Pretty innocuous title, right? You may be wondering why it appealed to me.
It had to do with this description that accompanied the title in my feed:
The “Ghost Adventures” episode will be part of the show’s next season, but … Nick Groff and Aaron Goodwin in their investigation of haunted places…
I haven’t watched “Ghost Adventures” in years now, so, again, you may be wondering why I bothered to click the link.
Curiosity.
Filming Where?
I wanted to know where both an HBO show and “Ghost Adventures” had been filming.
I also wanted to know which HBO show it might be. (Maybe “The Leftovers,” which is based on Tom Perrotta’s book by the same name? Anybody else smitten with that series?)
Turns out HBO was in Nibley, Utah, filming for “Vice News.”
“Ghost Adventures” was in Logan, Utah, at some place called St. Ann’s Retreat.
St. Ann’s Retreat’s History
St. Ann’s Retreat wasn’t always owned by the Catholic Church.
The most succinct account of its history came from this Deseret News Faith article about the legends of St. Ann’s Retreat.
Used by a group of Catholic nuns in the 1950s as a summer retreat and then a children’s camp, the site was originally developed in the early 1900s by Hezekiah Eastman Hatch, a prominent Logan businessman who built the first cabin there.
The Hatch family developed the grounds even more in the 1920s and 1930s. Prior to being known as St. Ann’s Retreat, it was called Hatch’s Camp, Forest Hills and Pine Glenn Cove (which is actually it’s legal name these days).
The Hatch family and its descendants stopped using the grounds by the mid-1950s. That’s when it was sold to the Catholic Church.
It was never a nunnery. It was used a children’s camp during summers, but some also claim it was a place the Church sent pregnant nuns to convalesce until they gave birth and their children could be put up for adoption.
The Pool
The pool seems to be the site of a lot of St. Ann’s Retreat’s legends and activity.
There is a story that a nun’s baby was drowned in the pool. But many sites say there is nothing factual backing this tale.

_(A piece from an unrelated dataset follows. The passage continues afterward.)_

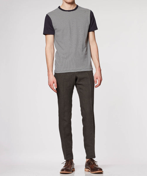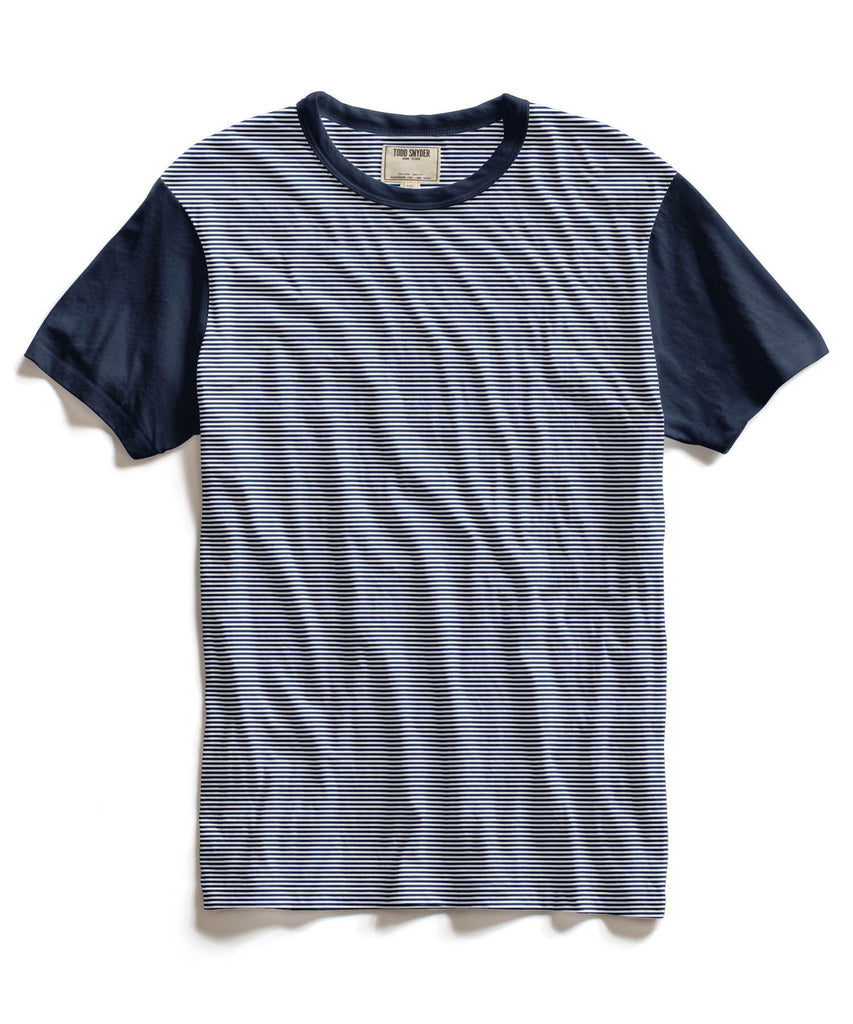 The Navy Crew T-Shirt with Contrast Sleeves is vintage themed and hits the right undertones with its fine horizontal stripes across the chest and body of the canvas. Made in Canada the shirt is crafted from the finest cotton, and makes a resoundingly great pair with our Indigo Selvedge Denim.

However, many who have been to the abandoned property claim they hear children’s voices and feel cold spots even on the hottest summer days…near the pool.
One thing that did happen in the pool was when a group of teenagers trespassed on the property in 1997. They were rounded up, and “herded” into the pool by “by three shotgun-wielding night watchmen” who tied them up and held them until police came. (From HJNews.com’s “What’s up with that?: Logan Canyon nunnery, center of urban legends, still for sale.”)
[bctt tweet=”Witch nuns and Hell Hounds? Yep. Sounds like a place that would appeal to the GAC crew!” username=”HauntJaunts”]
Witch Nuns and Hell Hounds
According to the article, some of the legends about St. Ann’s Retreat are pretty juicy:
It was rumored the nuns would have their babies there, and, if they didn’t abort them, drown them in a nearby pool; one of the legends is that you can still hear the cries of the babies.
Another legend is that the nuns were witches associated with the devil and “the hounds of hell” still lurk around the property, as does a witch named Hecate, after a Greek goddess.
Knowing Zak’s penchant for haunted places with dark and malevolent connections, it’s no wonder St. Ann’s Retreat was on his radar of haunted places to investigate.
Have you jaunted to St. Ann’s Retreat?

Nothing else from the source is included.